Video game franchise proves fantasy can go ever on
The Final Fantasy series is still enthralling video game players, 25 years on. Pavan Shamdasani follows its trail

It's 1987 and video games are on the minds and on the television screens of almost every geek in the world. The Nintendo Entertainment System is only two years old, but already the console has broken every record imaginable, eclipsing the home computer market and all but reversing the much-publicised video game crash of 1983.
It's the ideal time for young, talented individuals eager to make their mark in this fast-growing world. Among them is Hironobu Sakaguchi, only 24 years old but already director of planning and development at the recently formed Japanese gaming company Square. Sakaguchi hasn't had much luck lately - two minor releases, both failures - but he has an idea.
The franchise offers something that many RPGs do not ... a good story backed by characters you can relate to
He has a vision of a game that goes beyond the simple side-scrolling mechanics that have so far dominated the market. A role-playing game (RPG) of epic proportions, offering dozens of characters and hundreds of locations. He calls it, simply, Final Fantasy - and vows to leave the industry if the game isn't a success. Thankfully, it is.

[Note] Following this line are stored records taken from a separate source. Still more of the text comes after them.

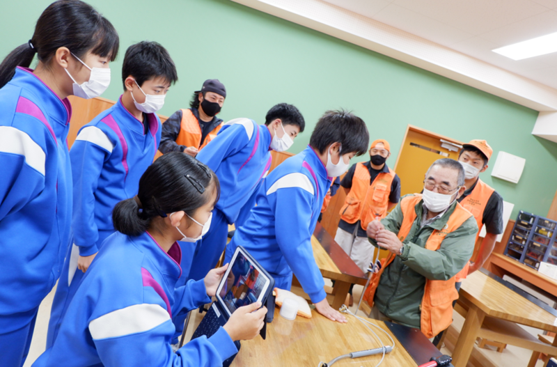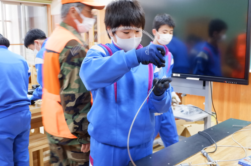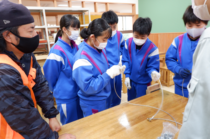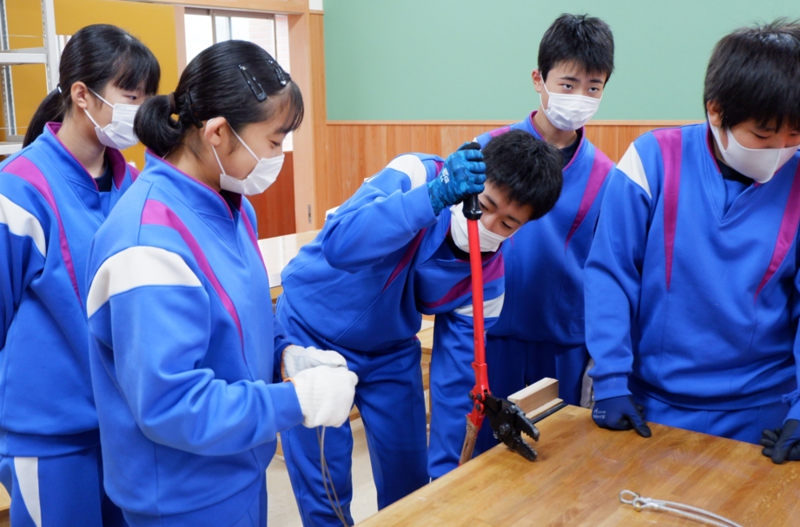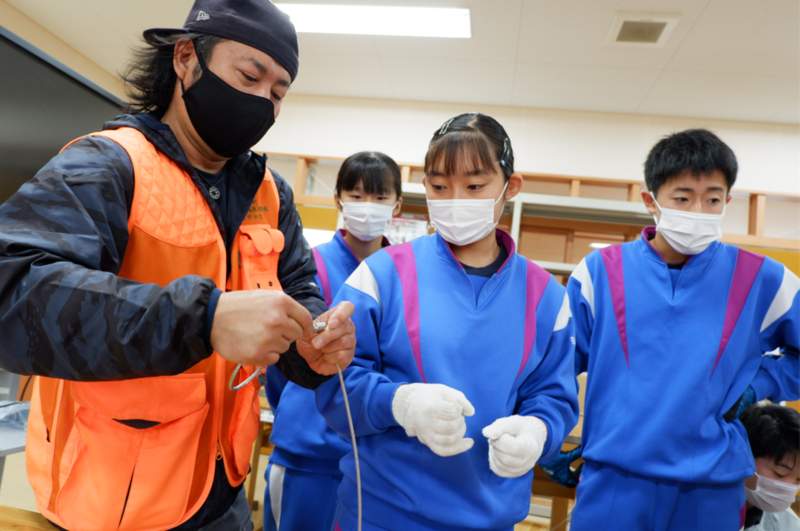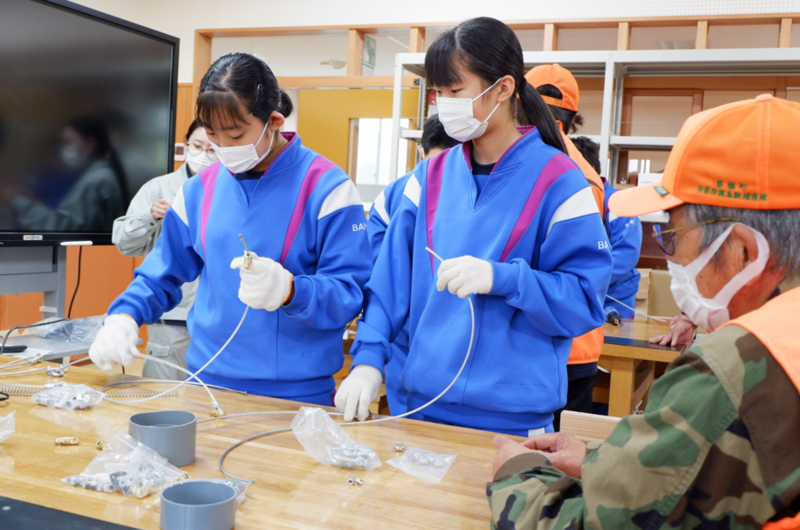 鳥獣被害対策に取り組んでいるグループは、町猟友会のみなさんに、罠の作り方を教えていただき、実際に罠作りに取り組みました。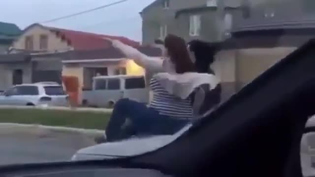 В Сети появилась видеозапись, быстро ставшая предметом острых обсуждений в социальных сетях. На ролике запечатлены две молодые девушки, катающиеся по вечерней Махачкале на капоте легкового автомобиля.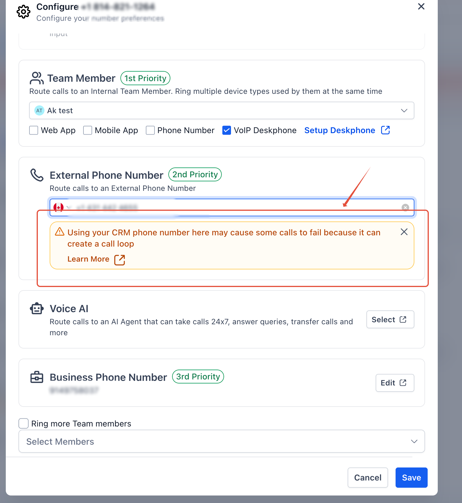 Leadconnector provides flexibility for advanced call routing setups, but using a CRM phone number as a forwarding or routing destination requires careful configuration. The warning is designed to help you avoid call loops and potential call failures while still allowing you to proceed if you understand the risks.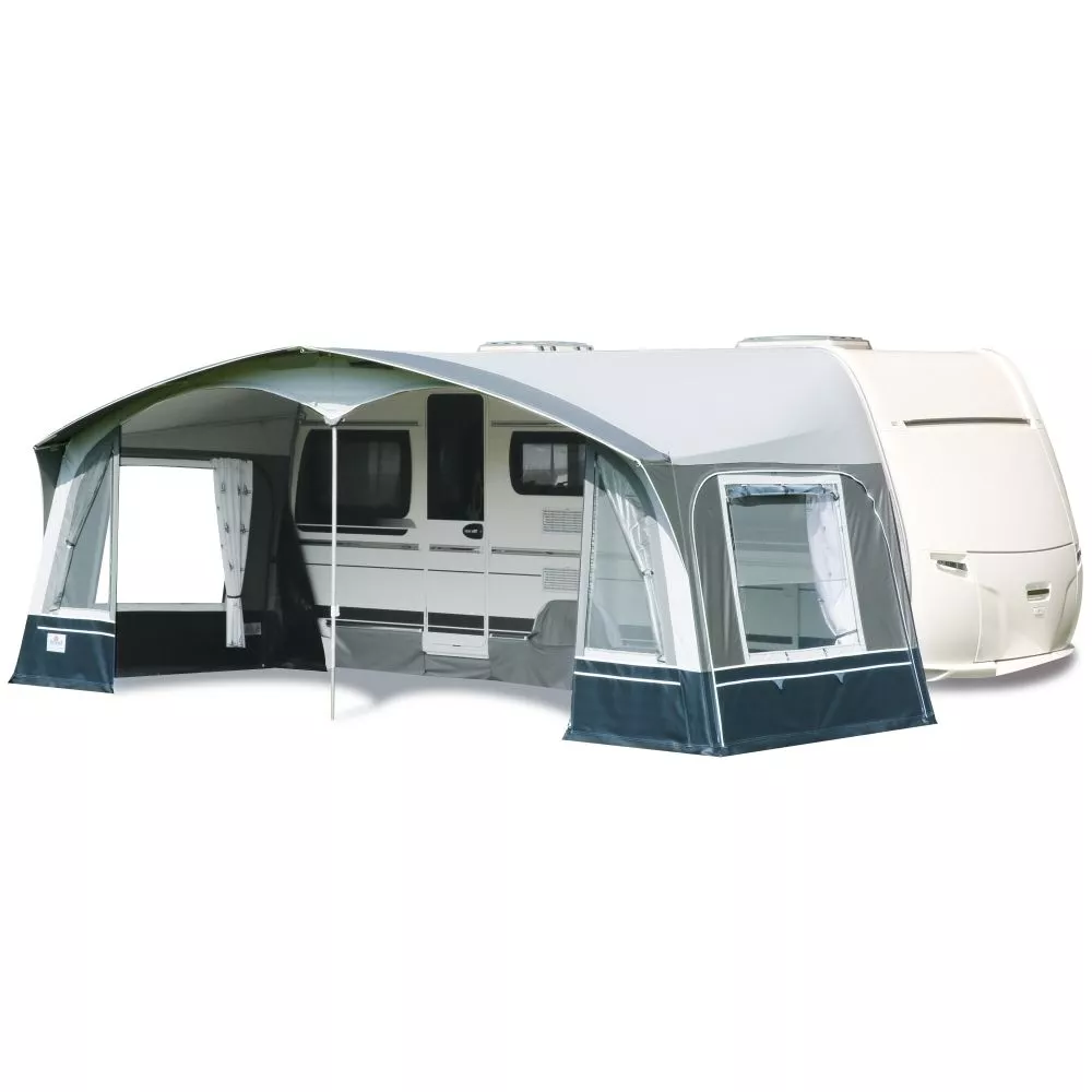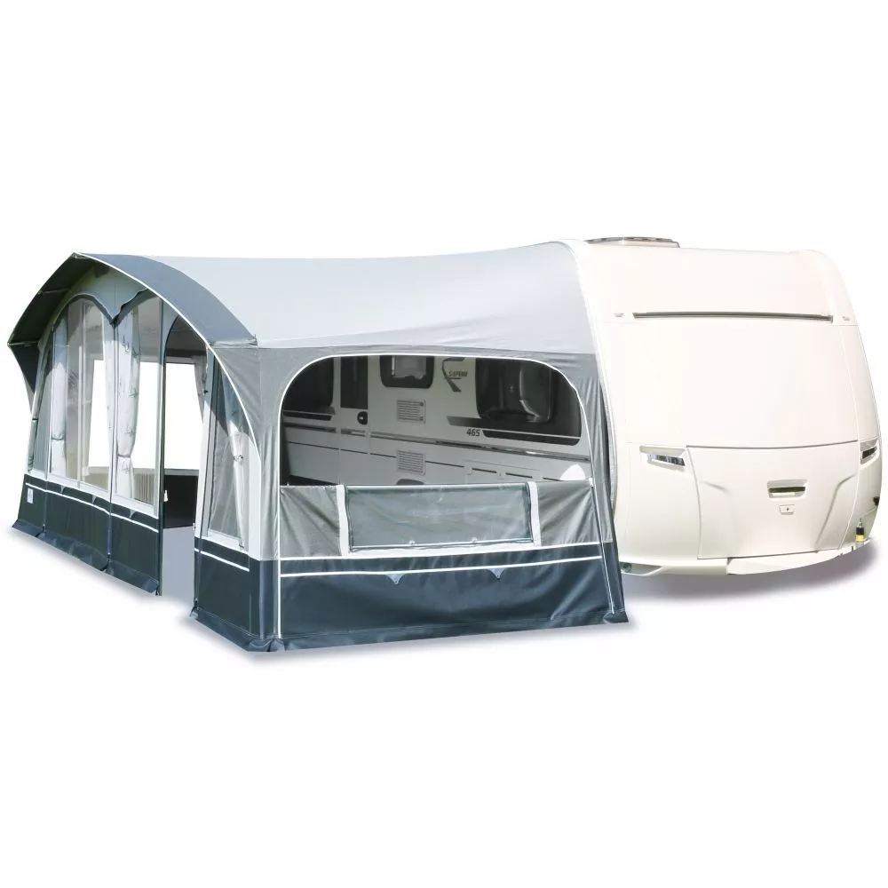 Wer auch an heissen Tagen nicht auf das Vorzelt verzichten möchte, entscheidet sich für das auf die Bogenform abgestimmte Vorzelt-Sonnendach Rondo (Zubehör). Es wird direkt am Vorzelt befestigt und spendet mit 235 cm Tiefe angenehmen Schatten.

Gamers instantly respond to its blend of classic fantasy tropes and then-modern RPG elements: players take on the roles of four warriors in a world of elves, dwarves and dragons, and are given free rein to explore towns, villages and dungeons.
Along the way, they encounter ordinary citizens who offer helpful information, shops that sell weapons, potions and magic spells, and an ever-increasing number of enemies that they battle using an innovative turn-based system.
As the series progresses and sequels are created, the games become larger and more ambitious - graphics are improved, gameplay reinforced, plots and characters expanded - but the core RPG mechanics of exploration and a great storyline are kept firmly intact (see sidebar for more on the series' progression).